Wednesday, March 30, 2011

I Didn't Know I Was a Luddite

This week I had to take my husband to the doctor.  It seems he ate a bad piece of homemade deer sausage one of his teammates brought to his baseball game on Sunday.  Late Sunday night he woke up with violent shivering, fever, and nausea.  So next morning I drove him to see Dr. Y, our family doctor.  Dr. Y. is a good doctor, but besides that, we like him because he actually spends time with you.  He talks and explains and listens.  He remembers everything you told him last time, whether it was related to your health or not.  He knows about your parents (he has been the GP for James' parents for years) and your childhood.  He doesn't have substitutes that take his place when he's out.  It's a one-man office.  His wife mans the front desk, so it's a family operation.  (I have forgiven her for recommending botox treatments last time I was there.)   

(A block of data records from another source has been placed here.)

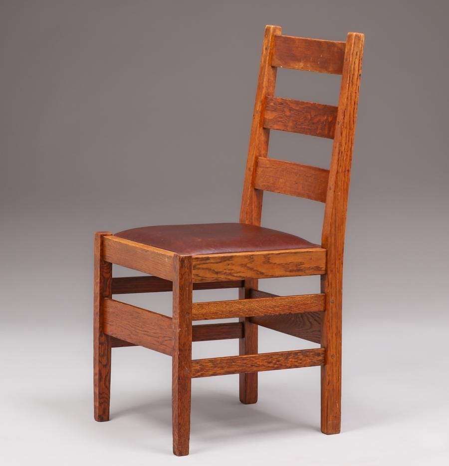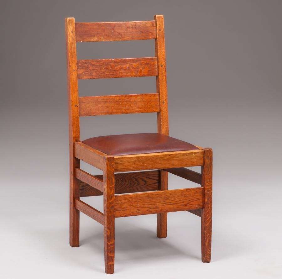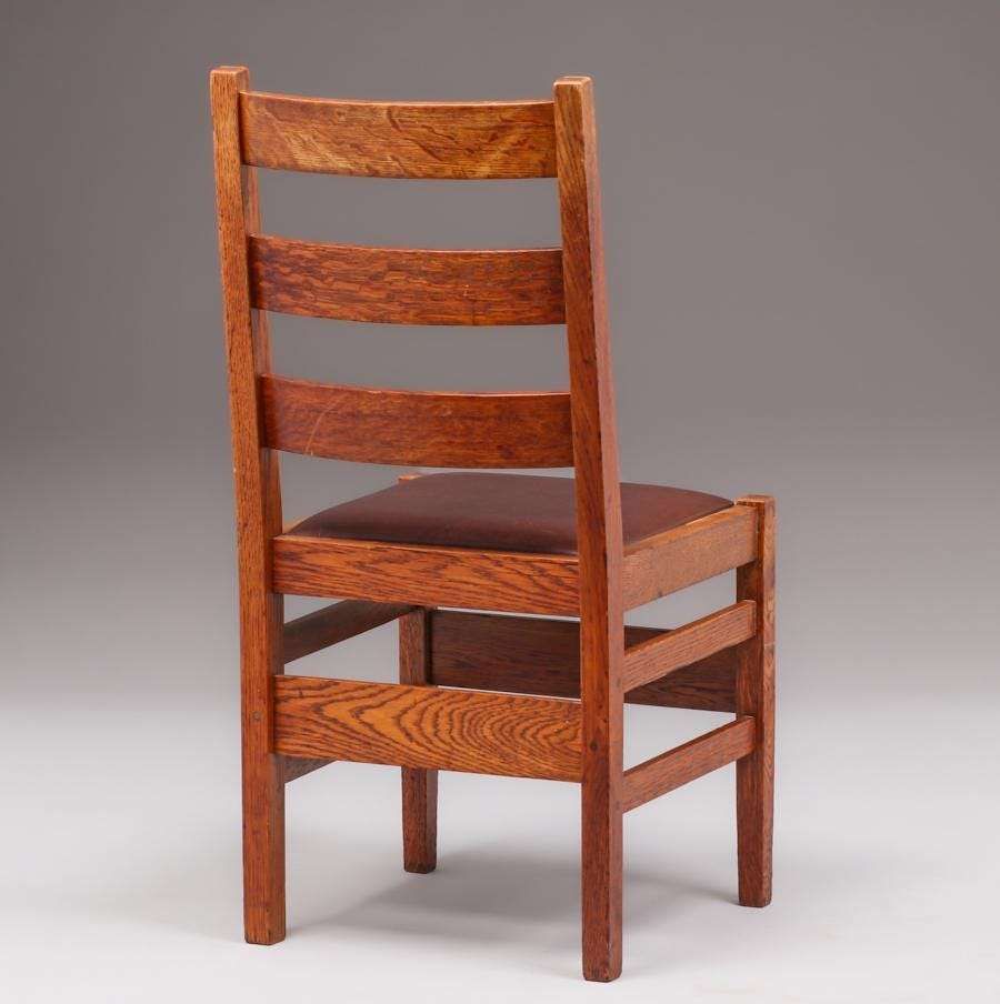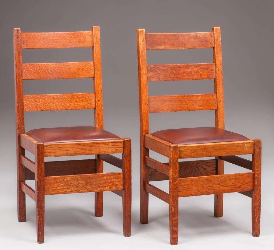 - Pair Gustav Stickley #350 Ladder Back Chairs c1910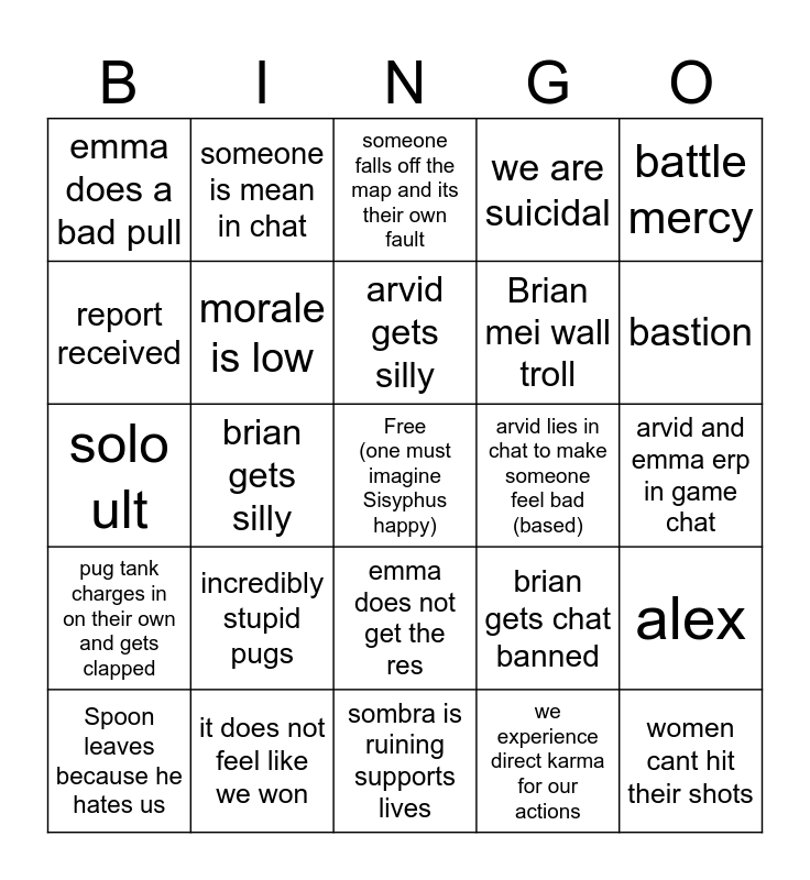 This bingo card has a free space and 24 words: Spoon leaves because he hates us, incredibly stupid pugs, arvid gets silly, we experience direct karma for our actions, battle mercy, emma does a bad pull, someone is mean in chat, someone falls off the map and its their own fault, arvid lies in chat to make someone feel bad (based), arvid and emma erp in game chat, solo ult, morale is low, brian gets chat banned, alex, report received, it does not feel like we won, sombra is ruining supports lives, we are suicidal, bastion, pug tank charges in on their own and gets clapped, brian gets silly, emma does not get the res, Brian mei wall troll and women cant hit their shots.
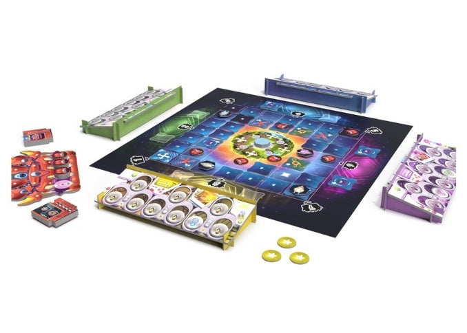 Each turn, players press 2 of the 9 buttons on their cockpit dashboard in their chosen order to activate various effects, such as moving through space, shooting enemy ships, or using special actions. As you move onto new Space tiles, you flip them over. If you encounter a jammer, you need to use 1 energy to destroy it. Players start with 1 energy and can earn additional energy by defeating enemy ships. Be cautious not to accidentally shoot a teammate, as this will cost them 1 energy.
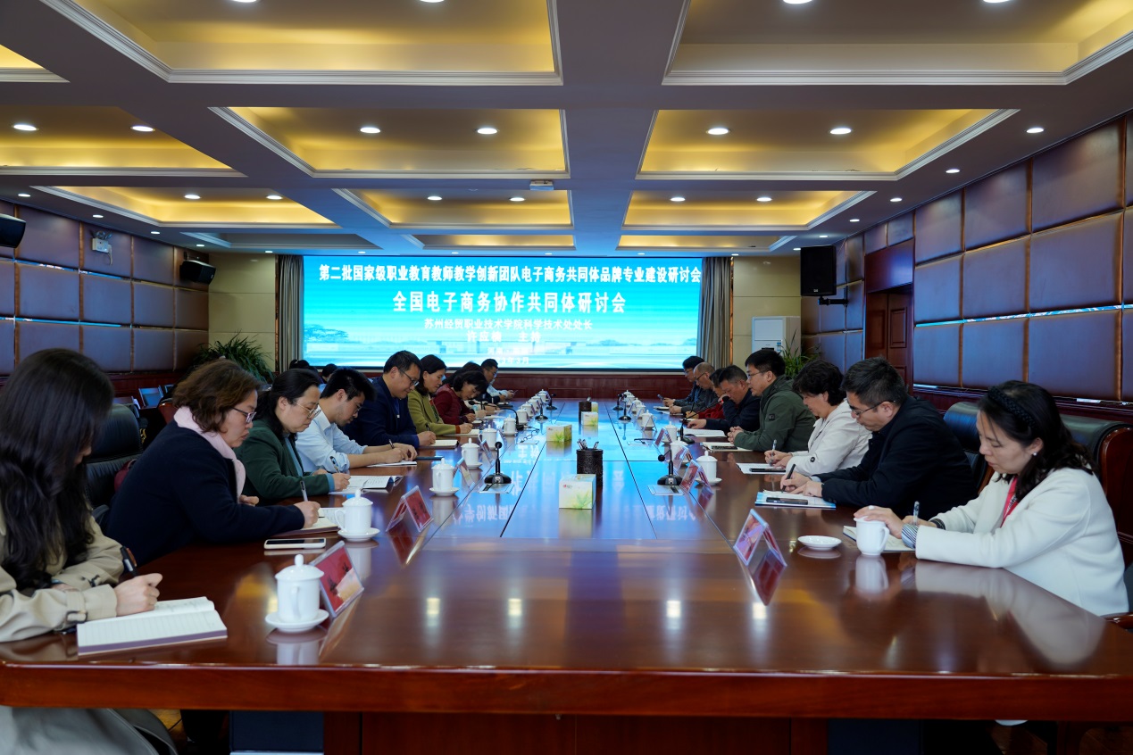 专题报告会结束后,共同体成员单位在学校四楼会议室召开了全国电子商务协作共同体研讨会,会议由苏州经贸职业技术学院科学技术处处长许应楠主持。会上与会专家对以后各共同体单位如何在“共商、共建、共享”上进行了充分的讨论,此次会议的召开为电子商务专业及课程以中文+项目走出国外规划了更清晰的路径,对电子商务专业教学改革的策略进行了较为清晰的部署,也为网络营销与直播电商国家级职业教育教师教学创新团队的建设确定了清晰的路径。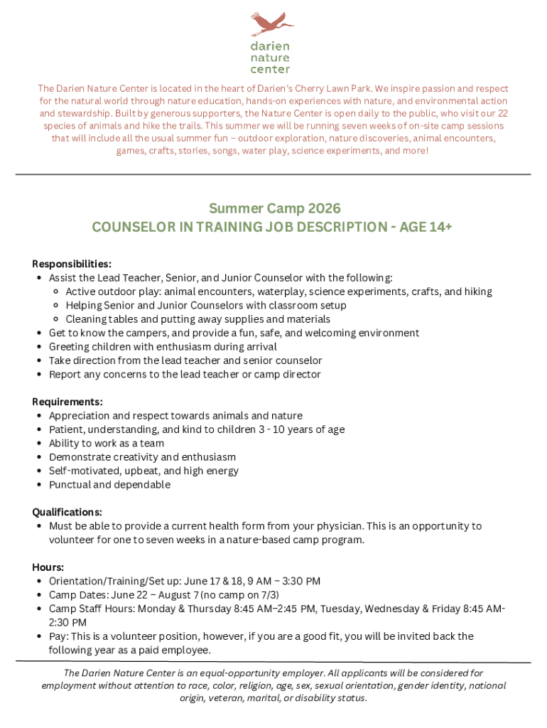 Get the free Discover Nature-Based Learning at the Darien Nature Center
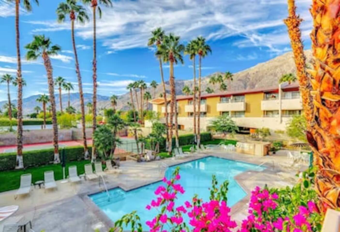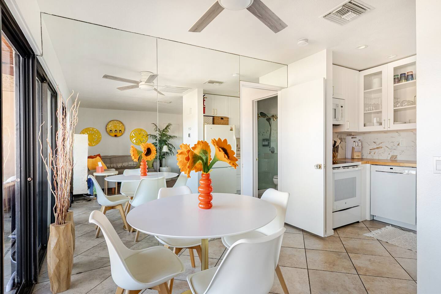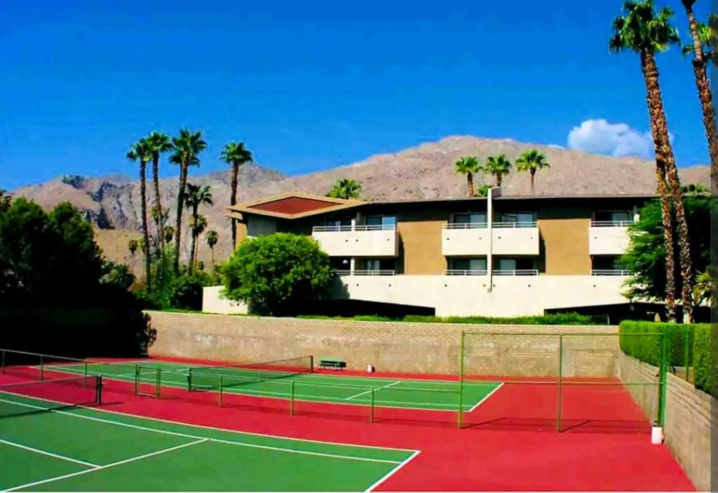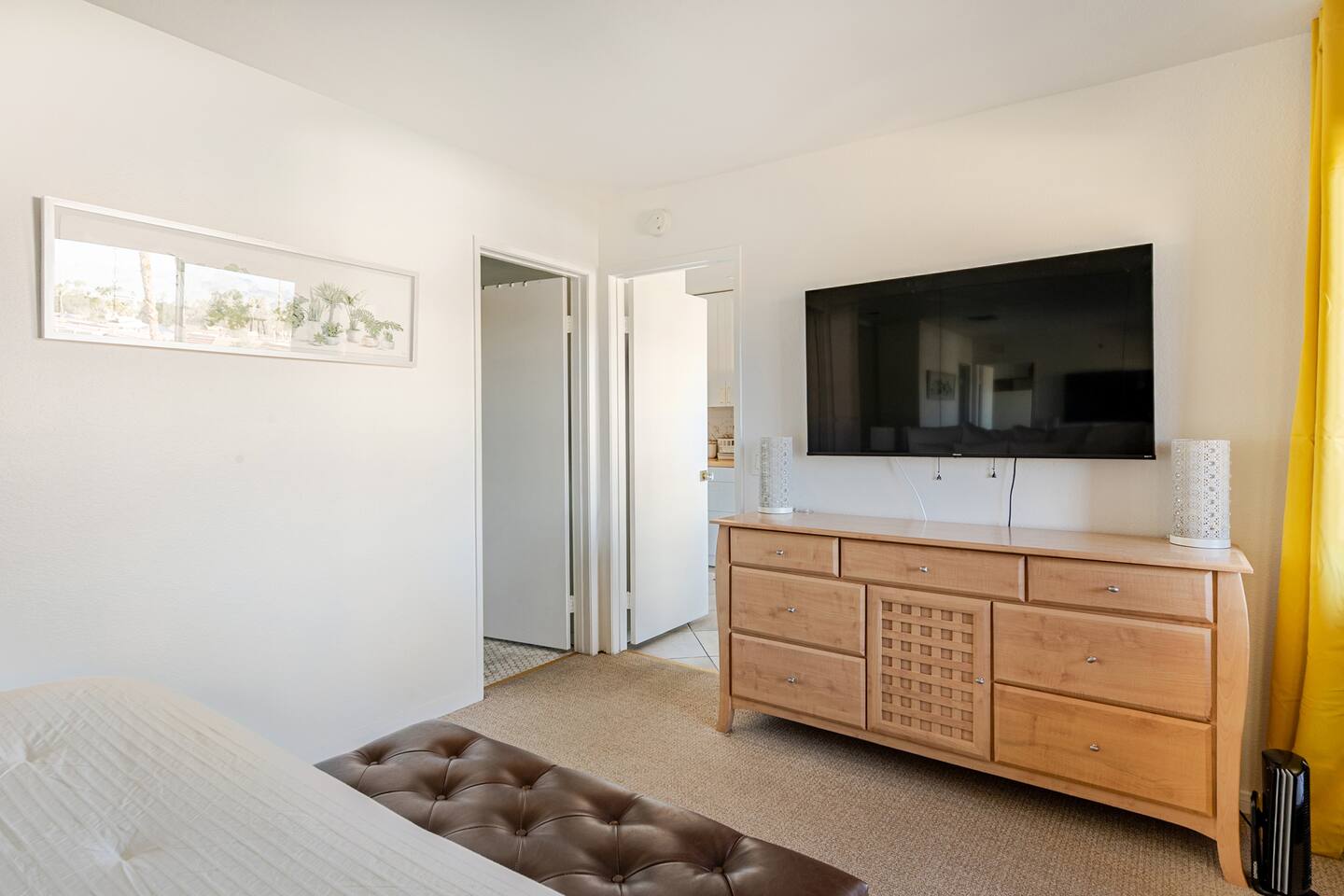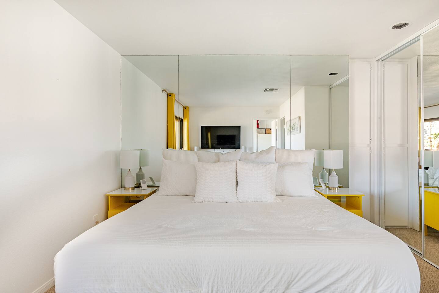 -This newly remodeled, top-level end-unit in The Biarritz has floor-to-ceiling windows & mirrors throughout, creating an open feel with extensive views of The San Jacinto Mountains and The Coachella Valley -The living area includes a sectional couch & smartTV, with a connected dining area featuring a beautiful midcentury modern inspired table & chairs - Sliding glass doors take you out to the balcony, which extends for the entire length of the unit. Here you'll find a hanging pod swing, a bistro table with two dining chairs, and a couch with a coffee table, so you can enjoy the expansive views in whichever way you like - The kitchen has been artfully remodeled and is equipped with new appliances (including a dishwasher) so you can create whatever meals you're inspired to cook during your stay - We also have a brand new Keurig & microwave if that's (understandably) the extent of your cooking desires while you're on vacation - The bedroom features a new King size bed, walk-in closet, floor-to-ceiling mirrors, a smartTV, and a gorgeous view of the San Jacinto mountains to wake up to in the morning (or afternoon) - The ensuite bathroom has been fully remodeled and features a large tiled shower with brass fixtures - The Biarritz has a large pool, two jacuzzis, and tennis courts available for your use.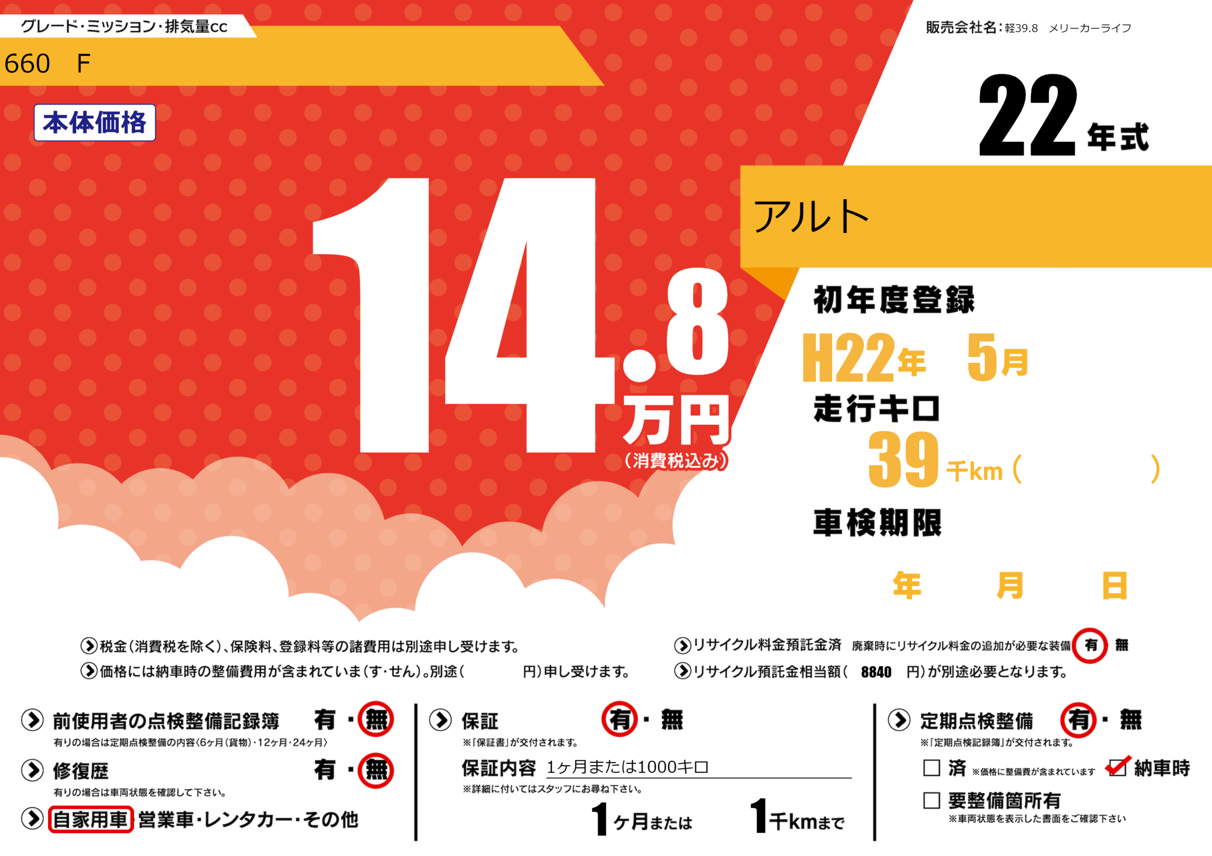 保証内容(1ヶ月または1000キロ) 1ヶ月または1千km

But there's a downside to all this attention.  You can spend a lot of time in the waiting room.  And Dr. Y has the most egregious selection of reading material I'd ever seen this side of the Mexican border.  There were tattered copies of obscure health magazines (Prosthetics Today), battered L.L. Bean catalogs, and a few copies of
Sports Illustrated that were at least eight months old.  Even so, you had to wait your turn for those.  Oh, and ancient copies of Highlights
magazines for the kids, although I don't recall ever seeing children there.

But on Monday, as soon as we walked into the waiting room I could see the difference.  There were neat stacks of
National Geographics, recent copies of Sports Illustrated, even a magazine I'd never heard of called More, subtitled "For the Woman with Style and Substance."  I leafed through More and didn't find anything interesting, so I guess I have neither style nor substance.  Finally I settled down with a National Geographic
.  By the time they called James' name, I had read all about the migrating habits of zebras in an obscure African game reserve. 

Even more enlightening, I read part of an article about "Luddites."  I'd heard the term before but never knew what it meant.  Now I realize that I
am
a Luddite!  No, it's not an off-the-wall religious cult.  It's a term for people who hate technology.  Back in the old days, they did things like take sledge hammers to printing presses.  Nowadays, I'm not sure what activities they pursue (I didn't have time to finish the article).  Maybe they just do what I do:  complain a lot about technology they don't understand and occasionally wail, "I hate technology!" 

For example, I don't have an iPhone.  I just recently got an iPod, only because my husband bought me one for my birthday.  I was the last person of my acquaintance to get a cell phone (except my brother John, who still doesn't have one).  I never feel the compulsion to upgrade to the newest computer, phone, or TV.  I still read regular books, not Kindles. 

The other day I was railing to my daughter about something I couldn't figure out on my computer, and in my despair I cried out, "I'm out of it and proud of it!"  So that's my new mantra.